Durante a coletiva, um dos pontos enfatizados foi intensificar o combate ao mosquito Aedes aegypti nas áreas mais vulneráveis do município. “Próxima semana estamos fechando um levantamento para informar quais são os bairros mais críticos. Vamos trabalhar em duas frentes: uma com os agentes de endemias e outra com a colaboração da população, pois o combate à febre chikungunya é o mesmo do combate à dengue. Temos que diminuir os focos dos mosquitos nas residências.”, destacou Paulo Florêncio, Diretor da Vigilância em Saúde.
 
Um trabalho focal também será fortalecido no Parque 18 de Maio. “Vamos dispor de equipes para eliminar os focos do mosquito no raio que compreende a Feira de Caruaru.”, informou Florêncio.
 
Outro ponto discutido na coletiva foi a questão da notificação dos casos.
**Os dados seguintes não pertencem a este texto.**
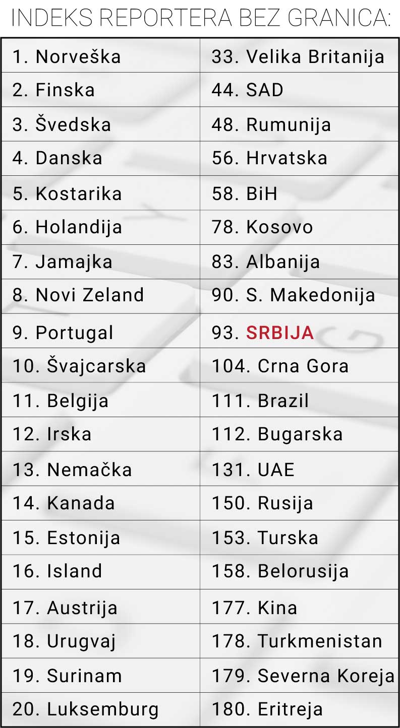 Globalni Indeks slobode medija 2021, koji je jutros objavila međunarodna organizacija za slobodu novinara i medija Reporteri bez granica, pokazuje da je Srbija ostala loše rangirana, u donjoj polovini tabele, na nezavidnom 93. mestu, sa kog se nije pomerila od prethodne godine.
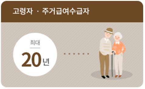 - 고려자 : 만65세 이상 무주택세대구성원이어야하며, 소득 및 자산 기준이 적용됩니다.
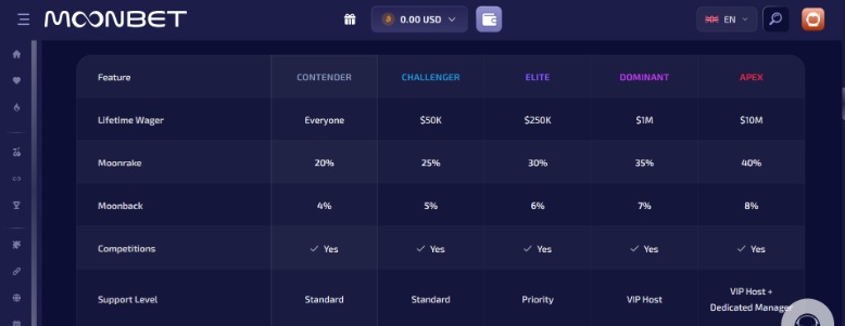 Moonbet’s Five-Tier System
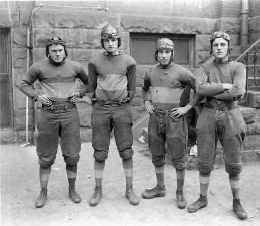 1920 год: Фотография четырех членов футбольной команды колледжа Святого Томаса. Слева направо Леонард Макговерн, Джеймс Иген, Дэн Макдевитт и Николас Хельринг
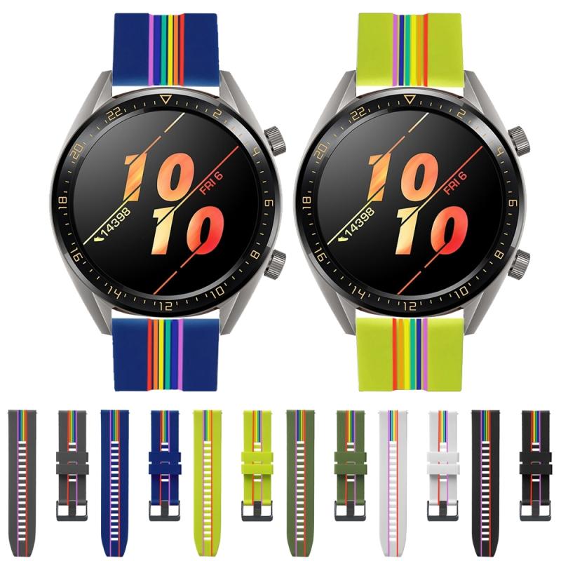 For Huawei Watch GT3 46mm Rainbow Silicone Watch Band (Army Green)

De acordo com Wedneide Almeida, Secretária Executiva da Saúde, as equipes da Atenção Básica e da Atenção Especializada serão orientadas a respeito sobre como são os sintomas da doença e imediatamente encaminhadas para notificação “Os casos suspeitos deverão ser notificados em até 24 horas a partir da suspeita inicial, digitados no Sistema de Informação de Agravos de Notificação (SINAN NET), além de ser preenchida a ficha de investigação disponibilizada na plataforma FormSUS.”, declarou Almeida.
 
Segundo o médico Marcos Pedrosa, professor do curso de medicina da UFPE, os sintomas suspeitos da doença são pacientes com febre de início súbito maior de 38,6% e dores fortes nas articulações, não explicada por outras condições, podendo estar associadas às dores de cabeça, dores musculares e erupções cutâneas. “ O caso só é confirmado com a detecção de RNA viral por RT-PCR; detecção de IgM em uma única amostra de soro e o aumento de vezes no título de anticorpos IgG específicos anti-CHIKV.”, explanou.
 
Não existem vacinas ou remédios específicos para combater a febre chikunguya, os sintomas são cuidados com medicação para a febre (paracetamol) e dores articulares (anti inflamatórios), além de repouso absoluto do paciente, que deve beber líquidos em abundância. Não é recomendado usar o ácido acetil salicílico (AAS) devido ao risco de hemorragia. “Orientamos que a população não se automedique. É necessário procurar a unidade mais próxima de sua residência.”, complementou Wedneide Almeida.